Разговором завладел Василий Львович. Он бранил Петербург, где царили «славяне» во главе с Шишковым, и восхвалял Москву, родину истинного вкуса.

— Вот Жуковский, — говорил он. — Он тоже наш, московский. Москва не оскудевает талантами! А что в Петербурге? Один Державин, да и тот стареет.

И в конце концов стал читать свои стихи.

Дмитриев, развеселившись, стал подтрунивать над Василием Львовичем. Он спрашивал, не боится ли он совместничества племянника, который, пожалуй, со временем перебьет славу у дядюшки.

Александр, недовольный этим разговором, хотел ускользнуть из гостиной, но Дмитриев остановил его, когда он проходил мимо.

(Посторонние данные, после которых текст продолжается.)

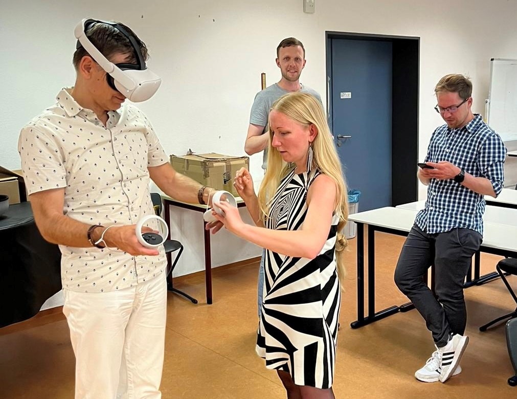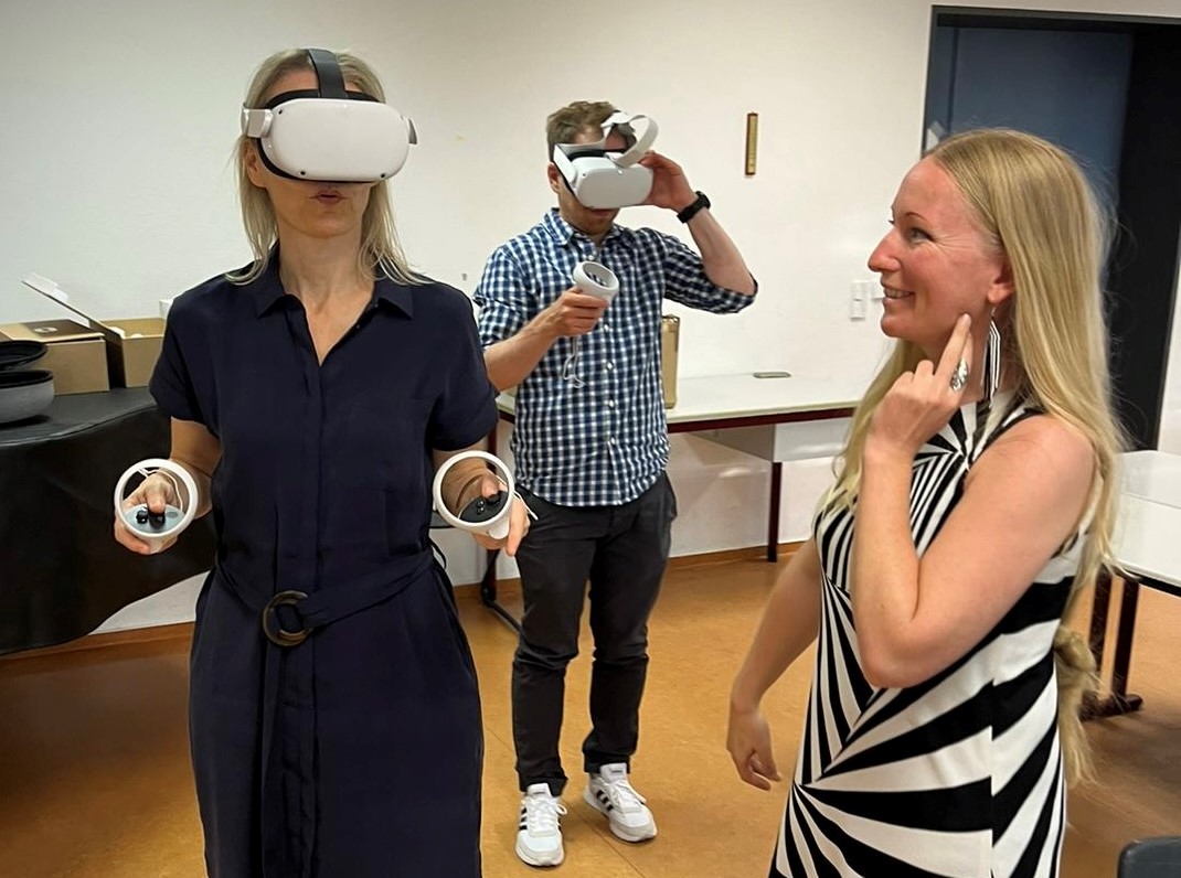 Im Praxisteil der Veranstaltung bekamen die Teilnehmenden die Möglichkeit, den virtuellen Konzertsaal der Kammerakademie Potsdam zu besuchen, sich mit einem VR-Headset als Avatar durch den Raum zu bewegen und hier mit anderen Besucher:innen Kontakt aufzunehmen.
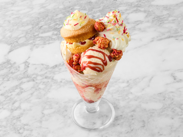 A party in a glass. Vanilla gelato, raspberry coulis, whipped cream and colourful sprinkles, adorned with a vanilla sponge cake filled with buttercream and raspberry jam, all topped with birthday cake popcorn, handmade by our friends at Joe & Seph's
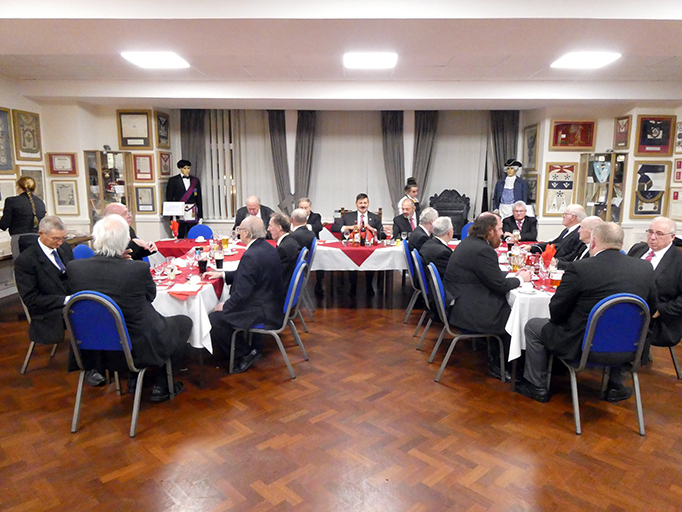 The Lodge was closed and the Brethren assembled in the bar for refreshments and the festive board. |

— Что ты об этом думаешь, а? — спросил он его. — И, указывая на него своему соседу, черному носатому господину с густыми бровями, прибавил: — Поглядите, князь, настоящий арапчик!

Александр покраснел, вздернул голову и, посмотрев на рябое лицо Дмитриева, вдруг выпалил, сам не зная как:

— Так что ж? Зато не рябчик!

Дмитриев на миг остолбенел, но тотчас сделал вид, что ничего не случилось, и тут же, оборотившись к Василию Львовичу, продолжал свои шутки. Он уверял его, что он отстал от моды, что в Париже снова носят прямую прическу à la Titus[30] и что это даже не в пример удобнее для тех, у кого проглядывает плешь на макушке.

И все тоже сделали вид, что не заметили странной выходки Александра. Только Оленька усмехнулась и покачала головой.

Но на другой день Александру все же досталось от Надежды Осиповны.